For a year, Katherine had lived in an achromatic world. There had been nothing but black sky and white stars and gray land. Now, even though it all came with a tinge of sadness, she had at last the green sea, the blue sky, the edges of the brown reef frothing the waves white, and, of course, her little yellow plane.
Every morning, Katherine paid Inina, the retired woman who lived in the house next door to her in the coastal village, to watch baby Demetrius while she flew. She took her plane out from the small airport that the Japanese had built, which the Americans had later destroyed and then repaired. She’d hoped to be given a task, something like the crop dusting she’d once done in Nebraska. But nobody on the island needed help from any pilot, male or female. She asked if she could patrol for sharks, which were easy to spot in the crystal-clear, sparkling water, and the authorities in the little town laughed and said they’d been leaving the sharks alone for ages—no harm in letting them swim as they were. There’d been some incidents of vandalism at the old Japanese sugar mill, thought to be the work of teenagers, and she’d offered to patrol for similar shenanigans. Again the adults had said no: the teenagers were simply releasing their frustrations. Let them be, as well.

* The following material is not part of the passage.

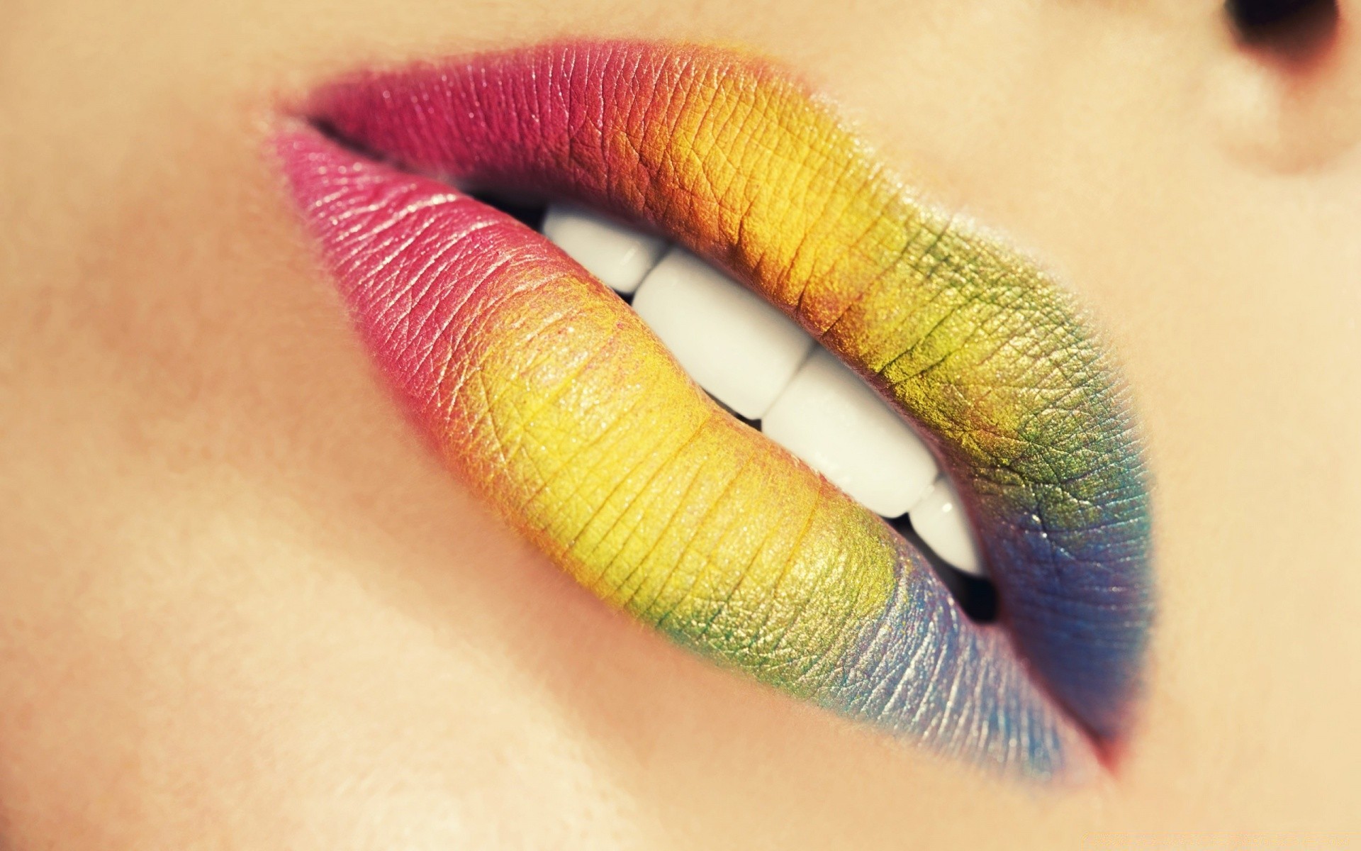 Heller mehrfarbiger Lippenstift auf den Lippen

And so Katherine just flew. The awareness that her son was waiting for her on land tugged at her—she could feel it in her bones, in her aching bosom—and so she never let herself go faster than a hundred knots, never climbed past twelve thousand feet, to be cautious. She preferred staying close to land, anyway, skimming over the reefs, surveying the island’s knobby green cliffs and flat beaches, its two small towns. She loved how her bird’s-eye view of the island allowed her to see all of the shallow turquoise water surrounding it, the sapphire blue of the rest of the ocean. She loved seeing nothing but ocean beyond the island, a reminder of just how far away she was from everyone else on Earth.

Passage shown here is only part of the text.